What if the biggest threat to generative artificial intelligence (AI) is not its potential harm to humanity, but rather the danger it poses to itself? According to a recent study, the accumulation of errors resulting from training AI models with data generated by other AI systems can lead to a phenomenon called “collapse of the model.”
Generative AIs are designed to create content based on textual prompts or produce images and sound. To accomplish this, they rely on being trained with properly contextualized and representative datasets. These datasets are initially generated by humans and often sourced from the vast amount of information available on the internet, including social media posts, e-commerce reviews, and news articles.
However, the study reveals that when AIs are trained with their own production, the rare occurrences within the data can vanish over generations. This phenomenon occurs because generative AIs are statistical prediction systems that rely on probabilities established from real-world data. As the AI system recursively generates content, it tends to overestimate frequent events and underestimate implausible ones. Just like making copies of copies, details from the original document are gradually lost.
Dr. Nicolas Papernot, a researcher at the University of Toronto and co-author of the study, draws an analogy to a photocopier. While the first copy retains the quality of the original, subsequent copies lose important details. Similarly, as generative AIs continue to produce content based on their own generated data, the original source becomes diluted, leading to a collapse of the model.
This study sheds light on a lesser-known aspect of generative AI and underscores the importance of carefully curating and diversifying datasets during the training process. It highlights the need to strike a balance between relying on existing data and introducing new, real-world information to avoid the collapse of AI models.
While the debate on the risks and benefits of AI continues, understanding and addressing the potential self-destructive tendencies of AI models is crucial for their long-term viability and reliability.
Frequently Asked Questions (FAQ)
Q: What is generative artificial intelligence (AI)?
A: Generative AI refers to a type of artificial intelligence that is designed to create content, such as images, sound, or text, based on given input.
Q: What is the collapse of the model in generative AI?

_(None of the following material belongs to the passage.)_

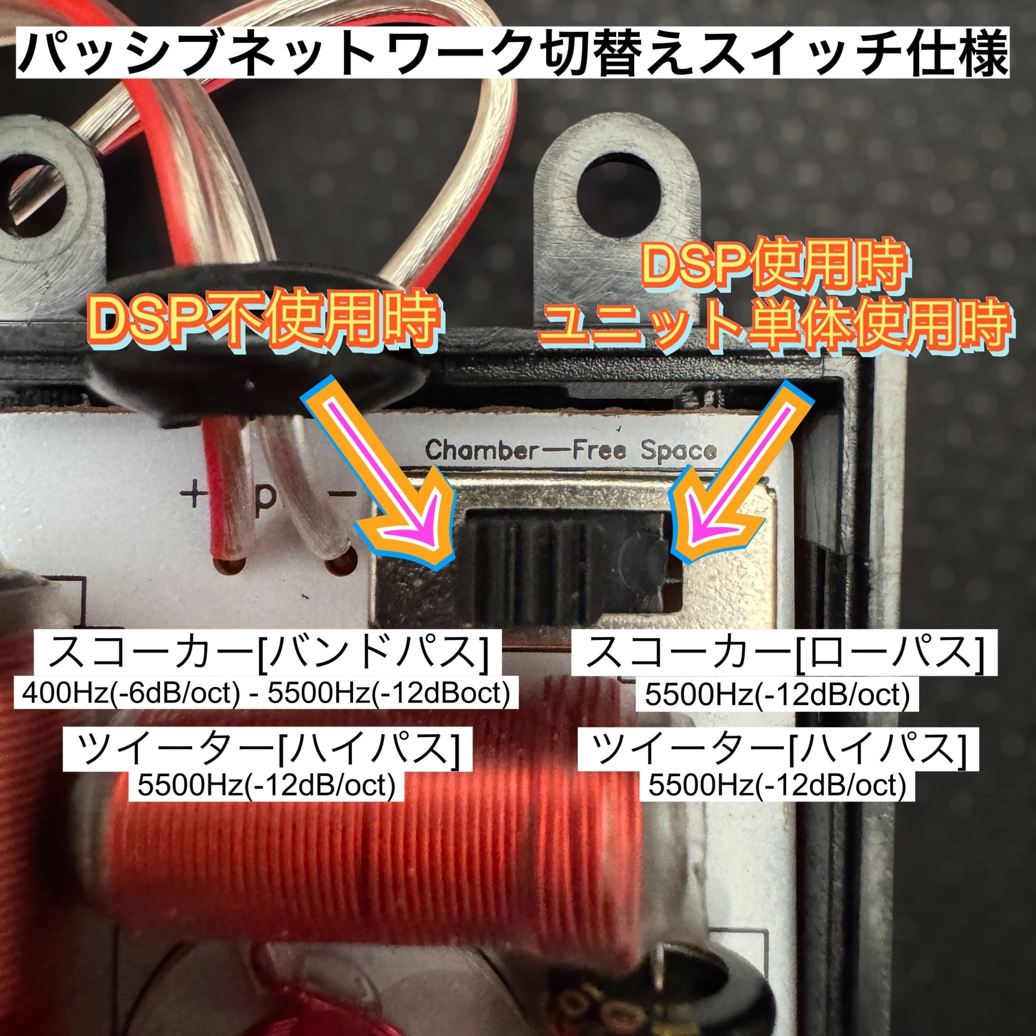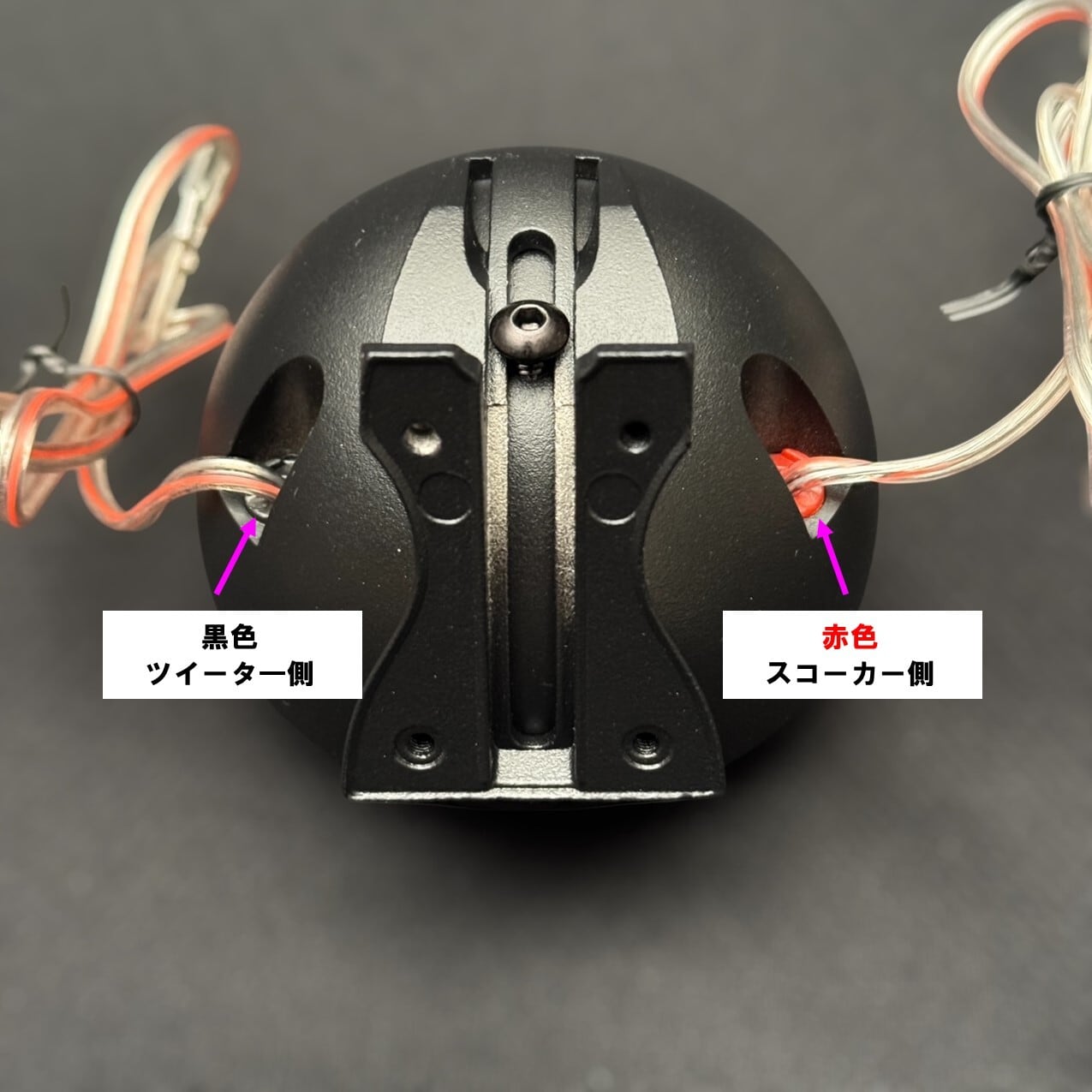 ※ケーブルは赤色のターミナル側がスコーカー側で黒色のターミナル側がツイーター側となりますので、接続の際はご注意下さい。

A: The collapse of the model refers to a phenomenon where generative AI models accumulate errors and stop functioning normally due to being trained with data that itself comes from AI systems.
Q: How are generative AI models trained?
A: Generative AI models are trained using datasets that provide contextualized and representative information. These datasets are often generated by humans and sourced from various online platforms.
Q: Why do generative AI models collapse?
A: Generative AI models can collapse when trained with their own production because they tend to overestimate frequent events and underestimate implausible ones, gradually losing important details over generations.
Q: How can the collapse of generative AI models be prevented?
A: To prevent the collapse of AI models, it is essential to curate and diversify datasets during the training process. Introducing new, real-world information alongside existing data can help maintain the viability and reliability of AI models.